Geeleher Paul, Cox Nancy, Huang R Stephanie
Section of Hematology/Oncology, Department of Medicine, University of Chicago, Chicago, Illinois, United States of America.
Section of Genetic Medicine, Department of Medicine, University of Chicago, Chicago, Illinois, United States of America.
PLoS One. 2014 Sep 17;9(9):e107468. doi: 10.1371/journal.pone.0107468. eCollection 2014.

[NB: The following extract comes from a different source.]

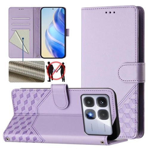 Funda de Cuero Rfid con Relieve de Panal para Redmi K70 Ultra 5G (Morado Claro)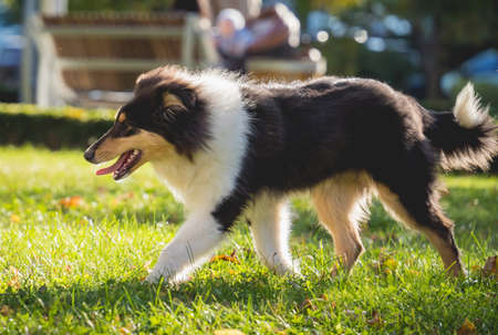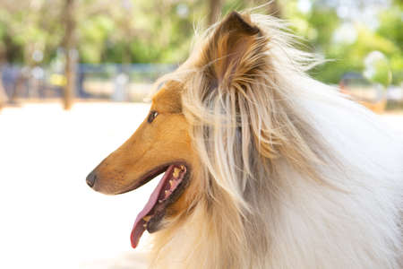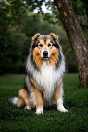 The Tricolor Rough Collie, Scottish Collie, Long-Haired Collie, English Collie, Lassie Adult Dog Sitting On The Ground In Summer Sunny Day.

We recently described a methodology that reliably predicted chemotherapeutic response in multiple independent clinical trials. The method worked by building statistical models from gene expression and drug sensitivity data in a very large panel of cancer cell lines, then applying these models to gene expression data from primary tumor biopsies. Here, to facilitate the development and adoption of this methodology we have created an R package called pRRophetic. This also extends the previously described pipeline, allowing prediction of clinical drug response for many cancer drugs in a user-friendly R environment. We have developed several other important use cases; as an example, we have shown that prediction of bortezomib sensitivity in multiple myeloma may be improved by training models on a large set of neoplastic hematological cell lines. We have also shown that the package facilitates model development and prediction using several different classes of data.
我们最近描述了一种方法,该方法在多个独立的临床试验中可靠地预测了化疗反应。该方法通过在大量癌细胞系中根据基因表达和药物敏感性数据构建统计模型,然后将这些模型应用于原发性肿瘤活检的基因表达数据来发挥作用。在此,为了促进该方法的开发和应用,我们创建了一个名为pRRophetic的R包。这也扩展了之前描述的流程,允许在用户友好的R环境中预测多种癌症药物的临床药物反应。我们还开发了其他几个重要的用例;例如,我们已经表明,通过在大量肿瘤血液细胞系上训练模型,可以提高对多发性骨髓瘤中硼替佐米敏感性的预测。我们还表明,该包有助于使用几种不同类型的数据进行模型开发和预测。